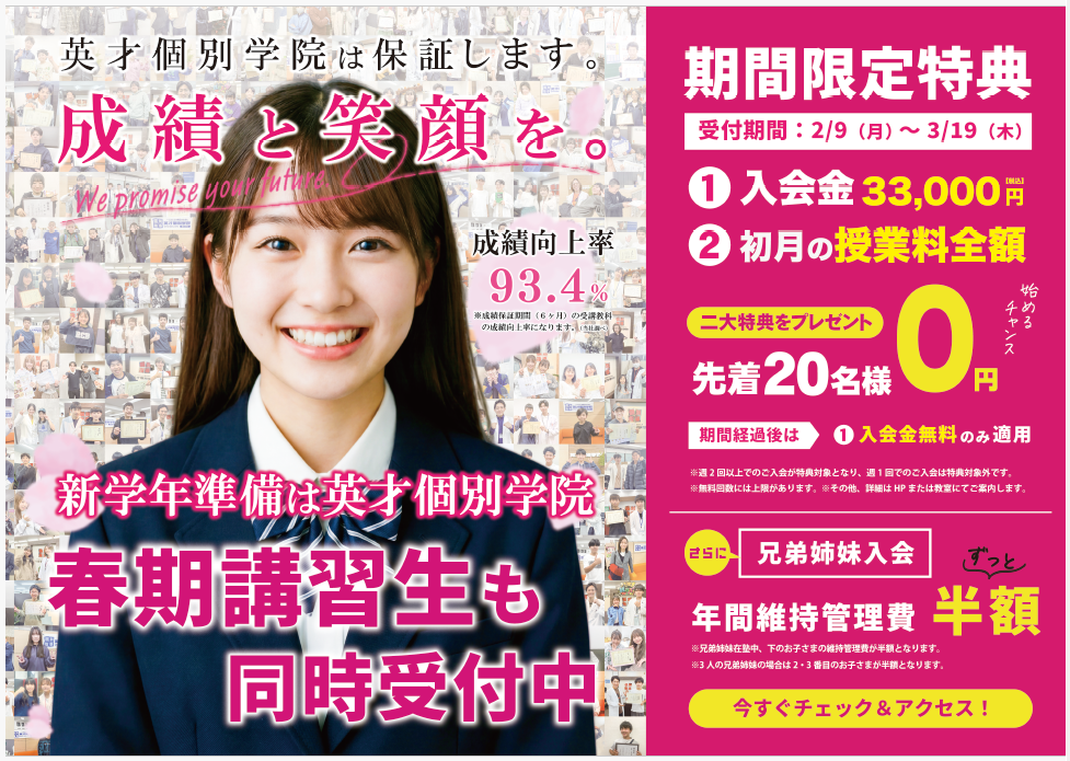 この春に総復習できるかどうかで次の定期テストが変わります。
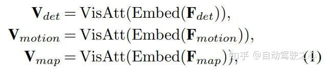 在提出的GPVL算法中,我们引入了驾驶场景中的三种目标,包括前景目标、代理运动和地图元素。我们首先利用视觉嵌入层来编码检测、运动以及地图特征到相同的通道维度。然后,引入了 Transformer 结构,通过长距离注意力机制
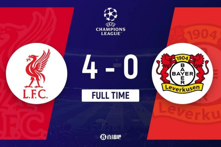 全场比赛就结束,利物浦4-0勒沃库森。
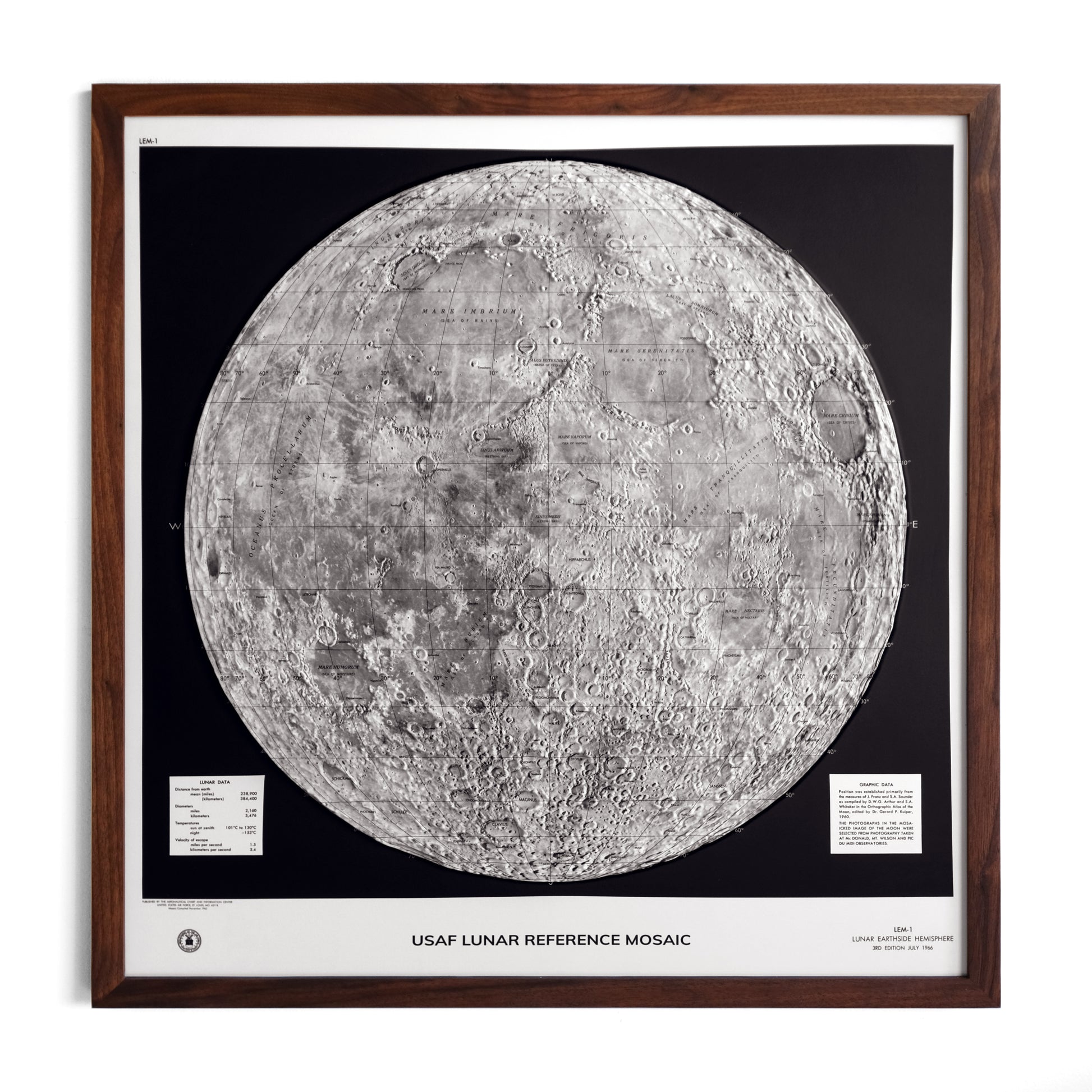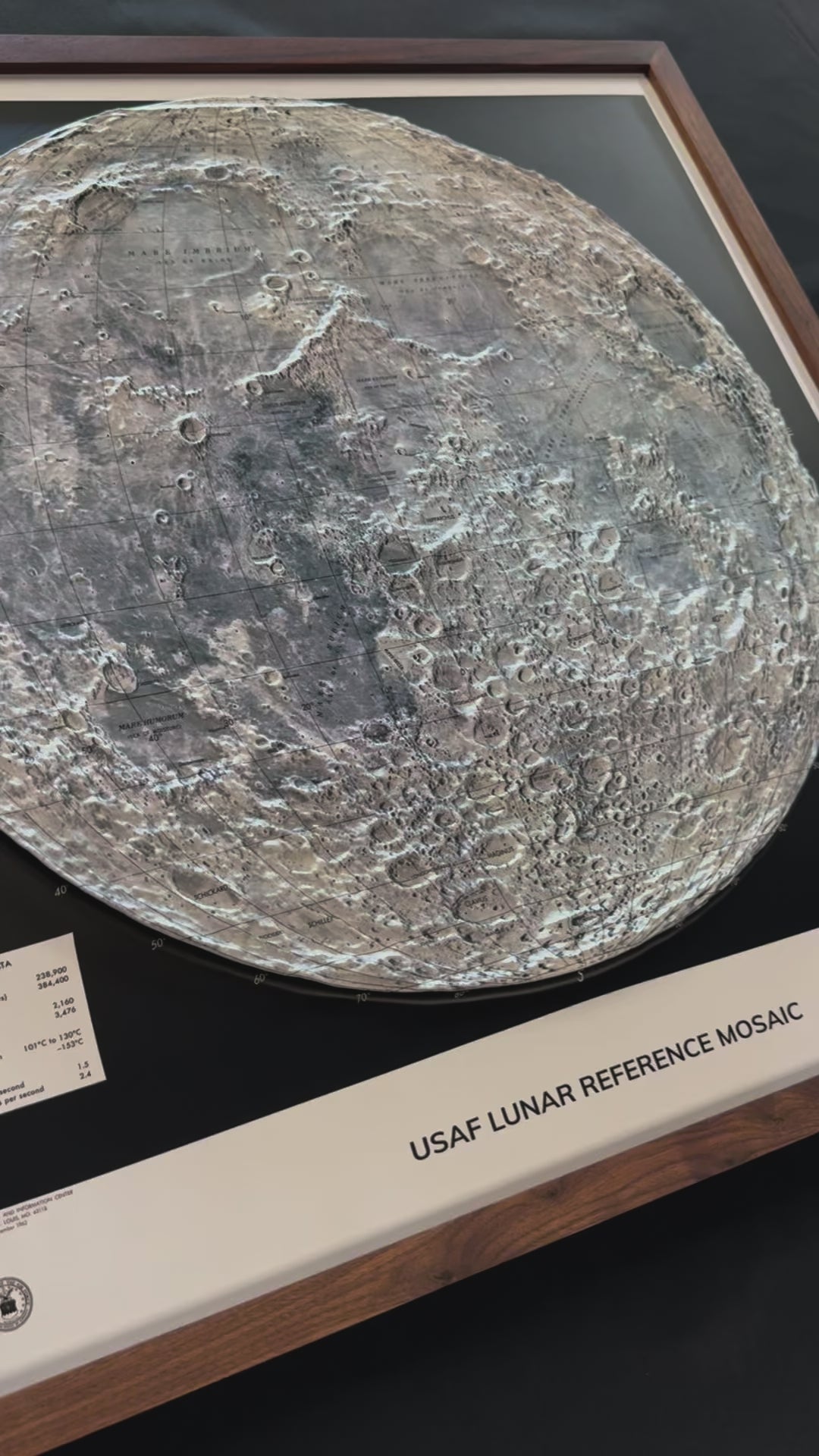 We transformed the 1966 map of the moon into a stunning 3D Raised Relief. The original map was created by NASA and the Department of Defense by compositing photographs from three observatories. The purpose of the map was to prepare for landing a manned spacecraft on the moon which they successfully accomplished in 1969.

## Exercise aim
Would you mind transcribing the material exactly, without the pictures?

## Response area
 この春に総復習できるかどうかで次の定期テストが変わります。
 在提出的GPVL算法中,我们引入了驾驶场景中的三种目标,包括前景目标、代理运动和地图元素。我们首先利用视觉嵌入层来编码检测、运动以及地图特征到相同的通道维度。然后,引入了 Transformer 结构,通过长距离注意力机制
 全场比赛就结束,利物浦4-0勒沃库森。
 We transformed the 1966 map of the moon into a stunning 3D Raised Relief. The original map was created by NASA and the Department of Defense by compositing photographs from three observatories. The purpose of the map was to prepare for landing a manned spacecraft on the moon which they successfully accomplished in 1969.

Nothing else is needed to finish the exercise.